They took a few steps and Chloe felt Ambrose pause as he studied the ground.

“What’s that then?” she asked, leaning forward with him to look at the strange prints on the ground. They looked like animal prints, but were thin and spidery with four front prongs and a center pad that was a perfect oval.

“What strange tracks,” said Ambrose.

Both constables approached, eyeing the ground. Ambrose showed them the tracks and the officers exchanged a dark look. “The hound,” one of them said to the other as Ambrose led Chloe back to the carriage.

From this direction, facing away from the bog, Chloe could see a small bank of rocks close to the crossroads.

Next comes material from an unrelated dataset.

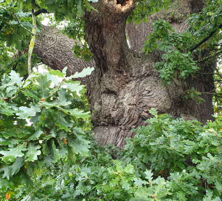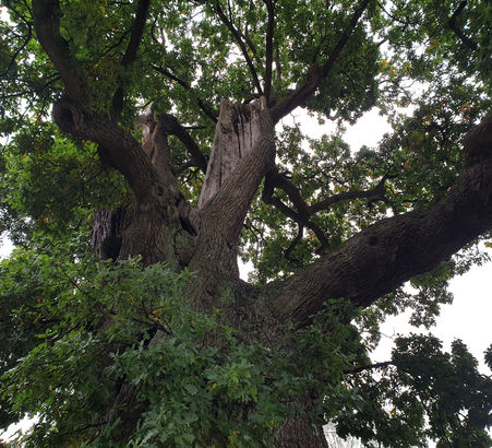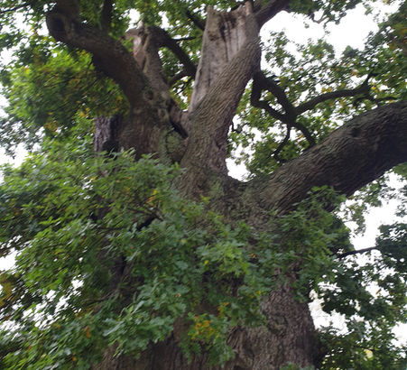 Story: the Coventry Standard 23/1/1943 says of this old tree: "it has suffered fairly extensively during its long life; in its crown there are several rents (one at least being caused by lightning), and there is an iron band around one of its upper limbs. Despite all this, the tree stiull flourishes.
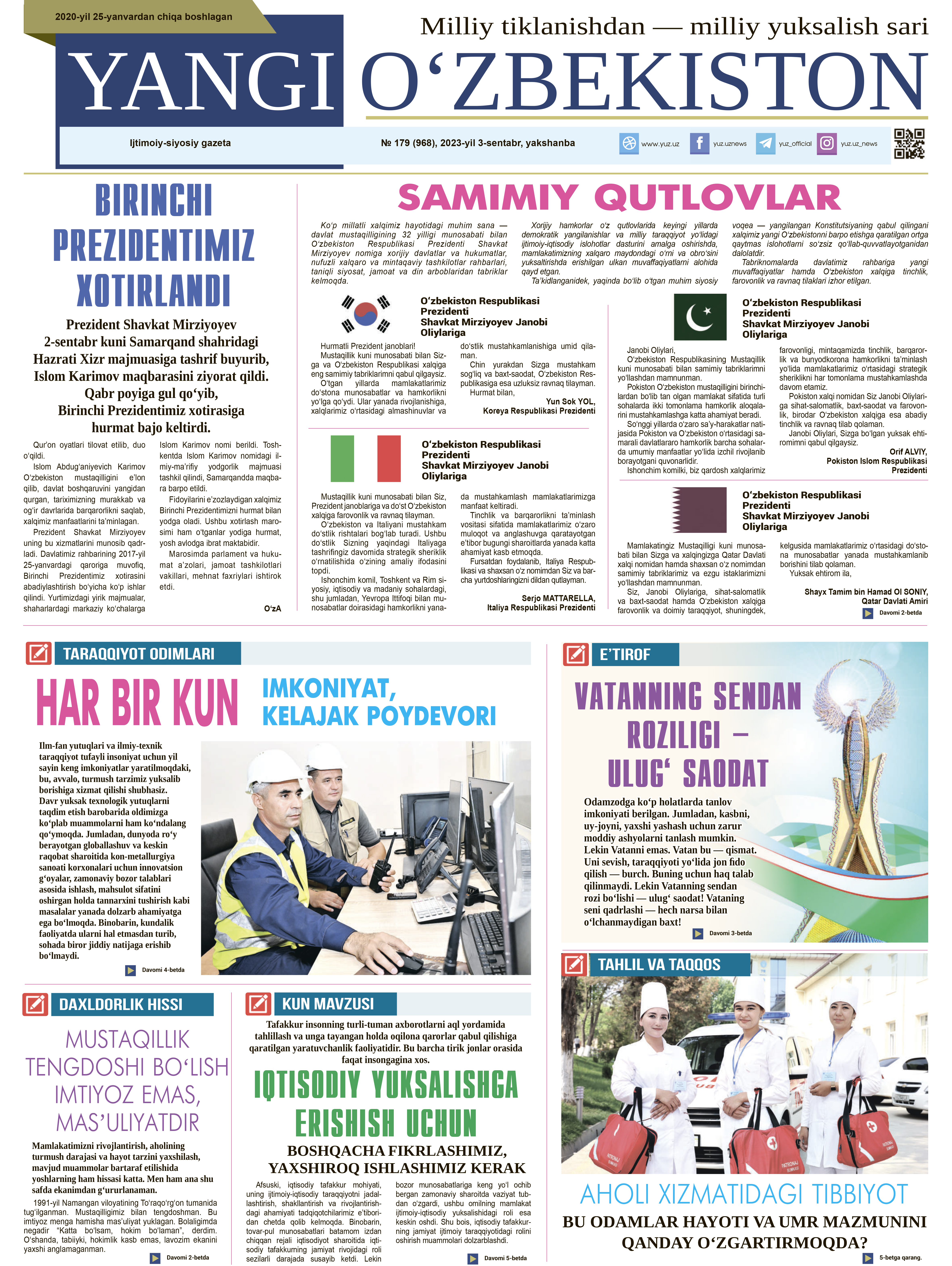 В газете "Янги Ўзбекистон" (№179 от 3.09.2023 года) в честь 32-й годовщины государственной независимости Республики Узбекистан напечатана статья председателя правления – генерального директора АО «НГМК» Кувандика Санакулова.

It was like a half-cairn, built into the side of the hill, about waist-high and twice as wide. Dark holes gaped around the stones, the perfect dwelling places for mice or snakes. Something about it drew her eye.

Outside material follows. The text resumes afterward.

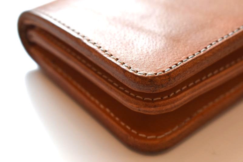 その独自スタイルは、堅牢な革財布に折り目を付ける所から使い始める。。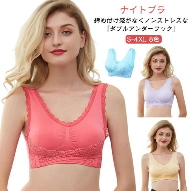 | 締め付け感がなくノンストレスな 『ダブルアンダーフック』 ナイトブラ S-4XL 8色 締め付け感がなくノンストレスの適度なホールド力! 『ダブルアンダーフック』で脇肉の流れを抑え、 寝ている間にバストをケアできるノンワイヤーナイトブラです。 『ダブルアンダーフック』が寝ている間もバストを支えるので「胸の横広がり」「ハミ肉」を防止しバストラインをキープ! 左右の下の部分からクロスして止めるので締め付けることなく適度にホールドできます。 肌あたりの柔らかな素材でお休み中もリラックスタイムもストレスフリーの優しい付け心地です。 脇下全体を包み込むので安心感のある設計。 脇肉の流れを防止しフロントもバックスタイルもスッキリきれい! 3段階ホックタイプなので、その日の体調や気分に合わせて、サイズ調整できます。 取り外し可能なパッド入り。薄手の服を着た時でも安心感があります。 伸縮性がある生地でふんわり優しいつけ心地。 サラッと乾きやすいので、汗をかくスポーツでのご使用にも最適です。 | |

Miss Haynes, Mr. James and Mr. Frick were waiting. Mr. Frick held his crisp gray bowler over his chest in respect for the deceased. Miss Haynes’s eyes were downcast, her arms folded loosely across her midsection.

Ambrose was frowning, and Chloe could not bear to put him out further. She followed him to the carriage. Wordlessly, Ambrose handed Chloe inside and Mr. James drove gently around the police horses and in the direction of Aynesworth House.

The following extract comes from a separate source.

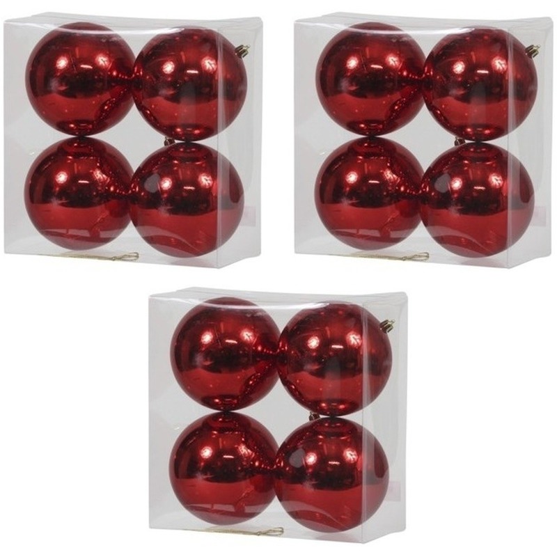 12x Rode kerstballen 12 cm kunststof glans. Set van 12x rode onbreekbare kerstballen met ophanglintjes. Kerst versiering/decoratie voor het optuigen van uw kerstboom. Onze kerstballen worden standaard geleverd met ophangdraadjes maar wij adviseren u om onze kerstbalhaakjes mee te bestellen (niet inbegrepen). Materiaal: kunststof/plastic. Formaat diameter: 12 cm. Kleur: rood. Serie: Christmas Red Shiny. U ontvangt 3 verpakkingen van 4 stuks.

Ambrose tried to distract her, pointing out a tor sitting atop a hill in the distance, its giant stones eerily stacked upon one another as if an enormous child was playing with his blocks. The moor was littered with such natural formations, as well as ancient man-made stone circles and the remains of a number of equally ancient circular stone huts. They passed hills covered in bracken fern and chunks of granite, varying in size from small boulders to great stones the size of an airship engine.

“I can’t imagine that Camille would have any enemies,” said Chloe. “Do you think it was because of her research? Perhaps there was a competitor who wanted to patent a similar design.”

Miss Haynes’s head jerked up. She was not only Chloe’s lady’s maid, but was regularly drafted into assisting with experiments and prototypes. She was both intelligent, patient and could manage to dress Chloe’s unruly copper penny hair, all of which made her an ideal employee.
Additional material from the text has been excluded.